La fermeture des lits à l'hôpital de Compiègne-Noyon ne se fait pas "par rapport à la situation globalement grave, qui est un fléau aujourd'hui sur toute la France" mais à cause du départ et du manque de médecins et professionnels dans certains secteurs.

Parmi eux, on retrouve le service d'addictologie qui verra son "hospitalisation complète" fermer le 20 décembre. "Que vont devenir les patients qui ont besoin de soins relevant de cette pathologie, de cette spécialité ?" s'interroge Sabrina Hotte-Beurdeley.

Même cas de figure pour la médecine infectieuse et tropicale où l'inquiétude est palpable. "Où vont-ils être hospitalisés ? On a des professionnels qui sont formés pour travailler sur ces pathologies, dans ces secteurs, qui s'inquiètent fortement".

"Nous essayons de trouver une solution", assure la direction

La direction affirme de son côté que même avec un manque d'effectif, tous les services seront maintenus, tout comme les 600 lits d'hôpital aujourd'hui. La directrice du centre hospitalier, Catherine Latger, admet que la situation des hôpitaux publics français n'est pas facile "en ce moment". Et si "notre hôpital connaît des moments délicats pour certaines activités", elle affirme que "ce n'est pas une situation générale".

Dans chaque service, "nous essayons de trouver une solution qui est la plus adaptée aux besoins de santé des Compiègnois", mais aussi pour que les professionnels présents "puissent travailler dans les meilleures conditions".

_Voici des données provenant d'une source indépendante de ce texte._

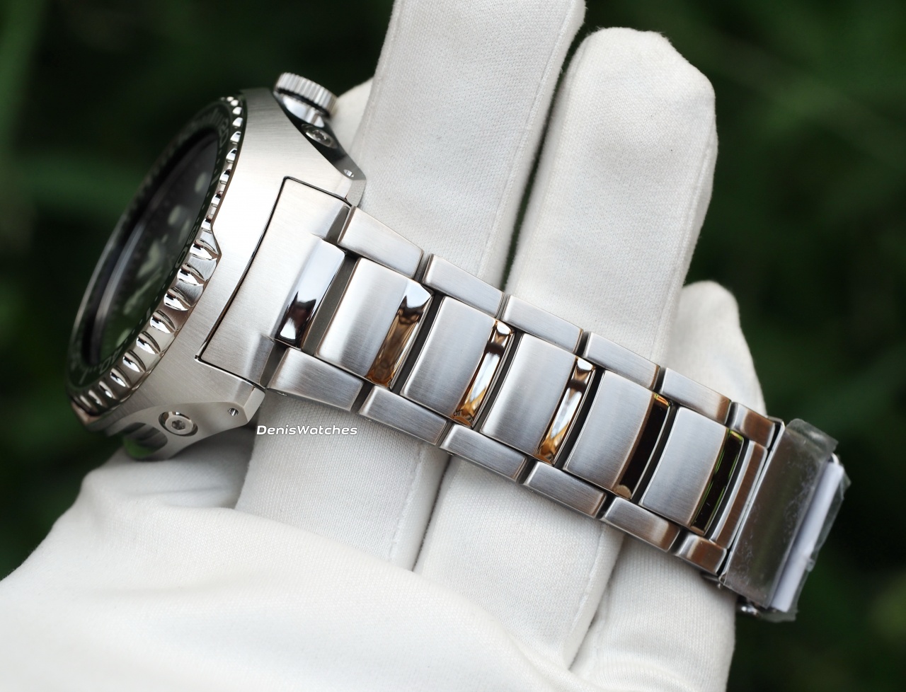 Стальной корпус с мощным литым защитным ТУНА-кожухом, как на внутрияпонских дайверах серии MarineMaster, все выполнено в практичном сатине

Néanmoins, quand des postes sont parfois vacants, "qu'ils soient médicaux ou paramédicaux, on a besoin de transformer les activités". Par exemple : ne plus avoir de lits d'hospitalisation conventionnelle et "de passer à l'hôpital de jour", ou de mutualiser des équipes pour qu'elles travaillent ensemble afin d'accueillir les malades.

"On essaie de réorganiser toutes les activités pour n'en perdre aucune"

"On essaie de réorganiser toutes les activités pour n'en perdre aucune, assure Catherine Latger. Aucun lit ne doit fermer en totalité. On adapte les prises en charge, on utilise aussi nos deux sites".

Elle soutient qu'elle et ses équipes ont "rouvert des lits de médecine pour permettre un meilleur aval des urgences et chaque situation reçoit une solution adaptée. On travaille avec les équipes dont il faut saluer le courage".

Selon la direction, des renforts sont attendus dans les prochains mois au sein de l'hôpital.